A variety of compounds have been developed for the management of fever and pain, the most successful being non-steroidal anti-inflammatory drugs. They exist in a variety of forms for various types of administration. Those administered parenterally are considered more efficacious than those administered orally in terms of the rate of the achieved clinical effect. Furthermore, several conditions necessitate parenteral administration.
Paracetamol is a well-known antipyretic and analgesic compound available for many years for oral administration since intravenous infusion was hampered by water insolubility. Its pro-drug, namely, pro-paracetamol, was applied for intravenous infusion where an amount of 2g was equally potent to 1 g of paracetamol. Pro-paracetamol has been given with success as analgesic medication in women undergoing laparoscopic operation, as antipyretic in patients with hematologic malignancies, as antipyretic in children bearing infectious diseases and as antipyretic in critically ill patients.
Ready-made paracetamol for intravenous infusion has been in the market in some European countries. It has been tested in four clinical trials. In the first trial it was given as post-operative analgesia at a dose of 1g x 4 in 80 patients undergoing laparoscopic cholecystectomy. Clinical efficacy was comparable to parecoxib and valdecoxib. In three other studies, it was given as post-operative analgesia after spinal body ectomy and after resection of the third mole providing conflicting results. However, in all the three latter studies, the number of patients given paracetamol was limited.
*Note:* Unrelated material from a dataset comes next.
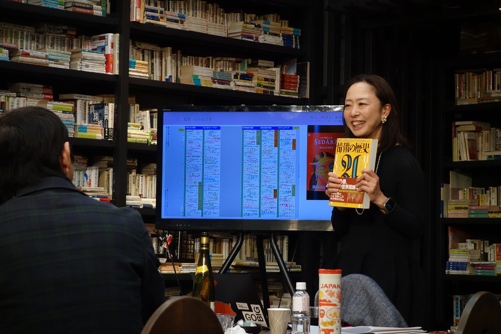今回選んだ白ワインと赤ワインのルーツについてのトークが始まります。『情報の歴史21』の1640年と1800年のページを交えて、ワインの本場であるフランスの歴史情報も辿りました。途中、金井が無人島に1冊だけ持っていける書物として、『情報の歴史21』を選ぶことを強調しました。歴史情報の間に関係線を引くことで、10年間は飽きずに読めることを豪語します。加えて、政治と軍事の手腕に優れたマリーアントワネットの姉(マリア・カロリーナ・ダズブルゴ)がルイ16世に嫁いでいたらフランス革命が起こらなかった、というIF世界の物語を創りながら遊べることを語りつつ、書物を抱えていました。
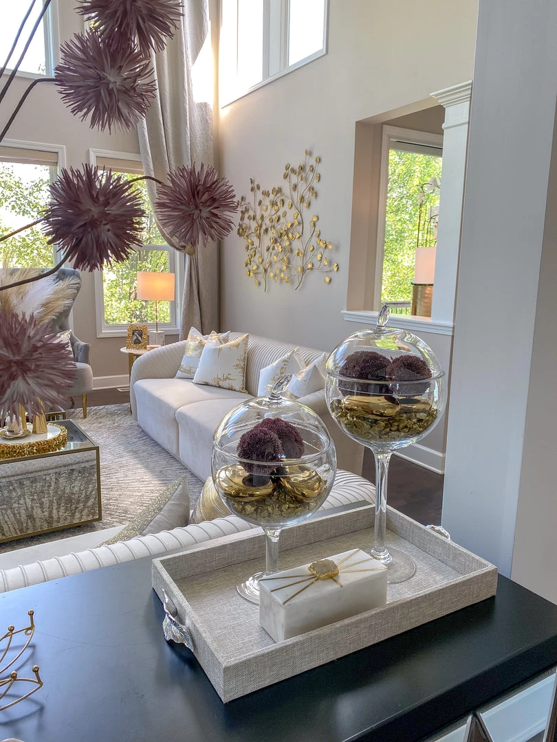 These apple stem jars can be styled as a set or on their own. They can be filled with candy, snacks, or even left empty! Farah has them styled with beautiful crystal stones and crushed gold glass!

In Greece, paracetamol for intravenous infusion at vials of 1g/6.7ml is manufactured by the company Uni-Pharma (ΑPOTEL®). Based on: a) the limited number of patients enrolled in the studies mentioned earlier, and b) the application of that form only after laparoscopic cholecystectomy and spinal body ectomy, the present study is aiming to unravel the clinical efficacy of the above formula of 1g intravenous paracetamol as antipyretic and analgesic medication in various medical conditions.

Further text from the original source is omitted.